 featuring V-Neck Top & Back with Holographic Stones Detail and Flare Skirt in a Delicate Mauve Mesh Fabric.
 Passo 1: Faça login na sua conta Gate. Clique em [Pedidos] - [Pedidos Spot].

--

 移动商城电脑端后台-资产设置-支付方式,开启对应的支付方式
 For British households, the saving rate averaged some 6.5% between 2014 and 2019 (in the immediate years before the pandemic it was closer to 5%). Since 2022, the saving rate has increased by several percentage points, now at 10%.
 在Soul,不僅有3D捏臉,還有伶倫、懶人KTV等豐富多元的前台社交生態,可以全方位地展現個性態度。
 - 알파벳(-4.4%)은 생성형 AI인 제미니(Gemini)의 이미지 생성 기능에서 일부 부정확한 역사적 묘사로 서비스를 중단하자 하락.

--

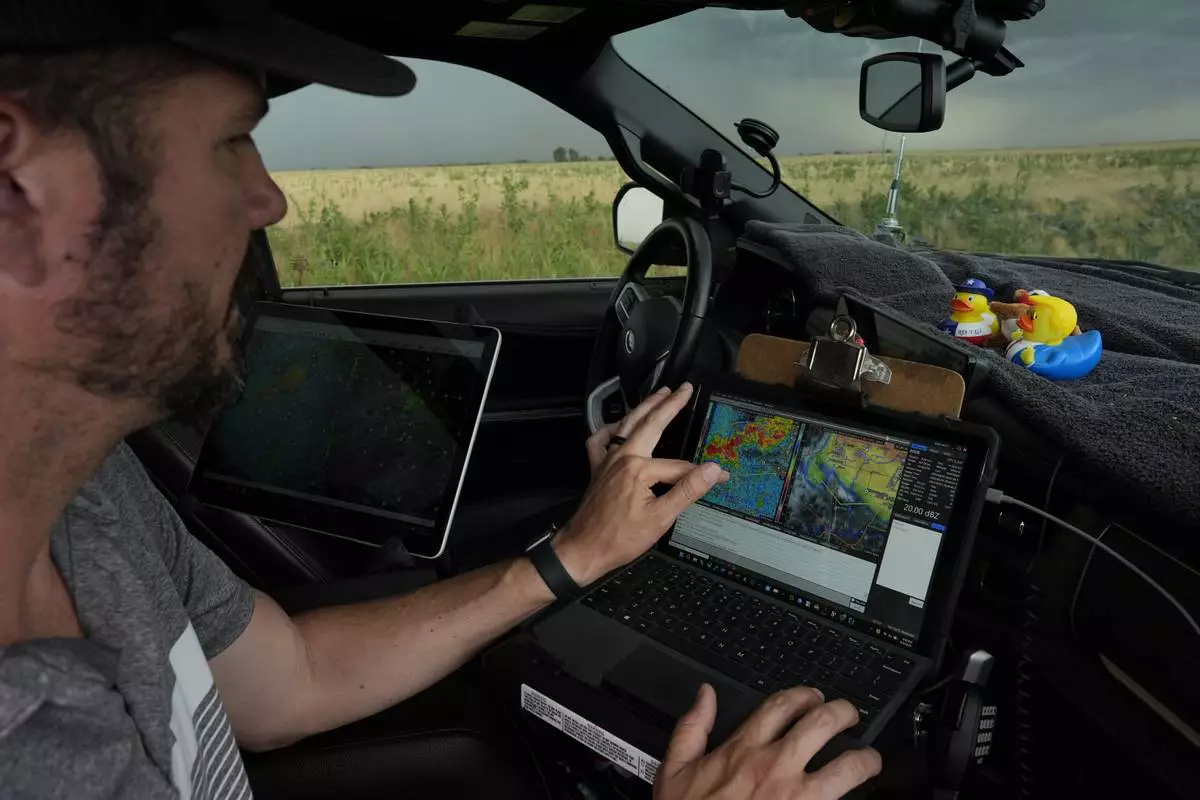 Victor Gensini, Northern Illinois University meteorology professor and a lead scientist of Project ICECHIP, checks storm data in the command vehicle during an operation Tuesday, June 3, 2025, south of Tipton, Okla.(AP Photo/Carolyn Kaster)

WORK TO BE COMPLETED » Every line above from the line with "featuring V-Neck Top" to the line with "Passo 1: Faça", inclusive, must be returned exactly; no other line belongs in the reply.

RESULT FOR THIS TASK »
 featuring V-Neck Top & Back with Holographic Stones Detail and Flare Skirt in a Delicate Mauve Mesh Fabric.
 Passo 1: Faça login na sua conta Gate. Clique em [Pedidos] - [Pedidos Spot].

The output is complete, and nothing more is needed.